■ **Exercise instructions**
Copy the data below exactly, but not the pictures it contains.

■ **Recorded data**
=======

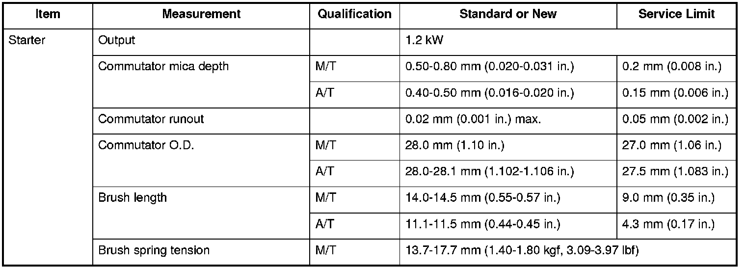 Starting System: Specifications
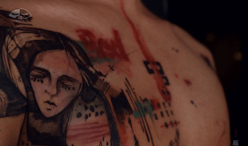 当前位置: 首页 >陕西省西安市纹身店-玄古道印纹身图案>红与黑纹身图片_手臂胸部水彩表现主义纹身图案
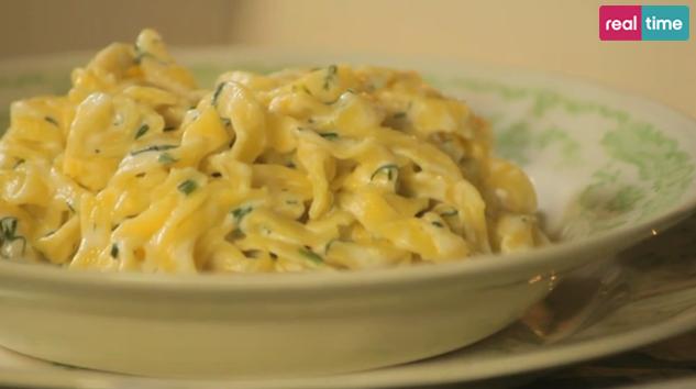 Ingredienti per 2 persone: 300 g di farina di semola di grano duro, 3 uova, 1 cucchiaino di sale fino. Per la salsa: 150 g di mascarpone fresco, 30 g di Parmigiano Reggiano, 15 g di erba cipollina, 15 g di finocchietto, sale macinato al momento.

=======

■ **Task solution**
 Starting System: Specifications
 当前位置: 首页 >陕西省西安市纹身店-玄古道印纹身图案>红与黑纹身图片_手臂胸部水彩表现主义纹身图案
 Ingredienti per 2 persone: 300 g di farina di semola di grano duro, 3 uova, 1 cucchiaino di sale fino. Per la salsa: 150 g di mascarpone fresco, 30 g di Parmigiano Reggiano, 15 g di erba cipollina, 15 g di finocchietto, sale macinato al momento.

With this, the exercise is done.